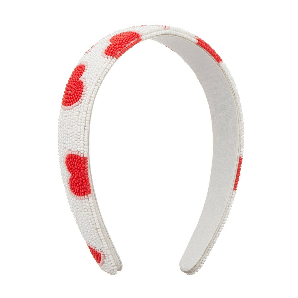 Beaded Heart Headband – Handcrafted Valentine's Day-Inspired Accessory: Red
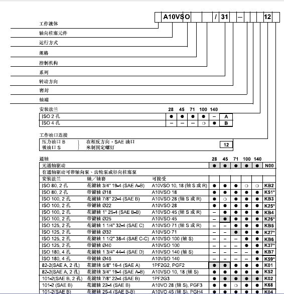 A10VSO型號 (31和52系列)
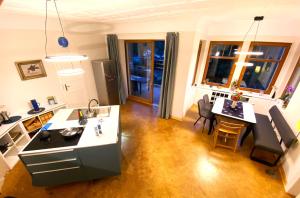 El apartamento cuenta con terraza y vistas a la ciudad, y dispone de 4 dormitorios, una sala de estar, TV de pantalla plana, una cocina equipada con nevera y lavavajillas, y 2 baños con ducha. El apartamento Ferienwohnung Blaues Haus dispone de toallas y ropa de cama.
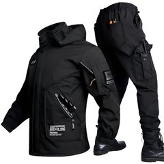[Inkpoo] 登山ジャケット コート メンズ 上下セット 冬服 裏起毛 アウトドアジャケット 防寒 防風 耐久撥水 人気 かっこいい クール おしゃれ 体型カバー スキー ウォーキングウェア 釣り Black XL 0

....

● What you have to do
Pictures stay out; everything else in the listing above gets repeated exactly.

● Worked solution
 Beaded Heart Headband – Handcrafted Valentine's Day-Inspired Accessory: Red
 A10VSO型號 (31和52系列)
 El apartamento cuenta con terraza y vistas a la ciudad, y dispone de 4 dormitorios, una sala de estar, TV de pantalla plana, una cocina equipada con nevera y lavavajillas, y 2 baños con ducha. El apartamento Ferienwohnung Blaues Haus dispone de toallas y ropa de cama.
[Inkpoo] 登山ジャケット コート メンズ 上下セット 冬服 裏起毛 アウトドアジャケット 防寒 防風 耐久撥水 人気 かっこいい クール おしゃれ 体型カバー スキー ウォーキングウェア 釣り Black XL 0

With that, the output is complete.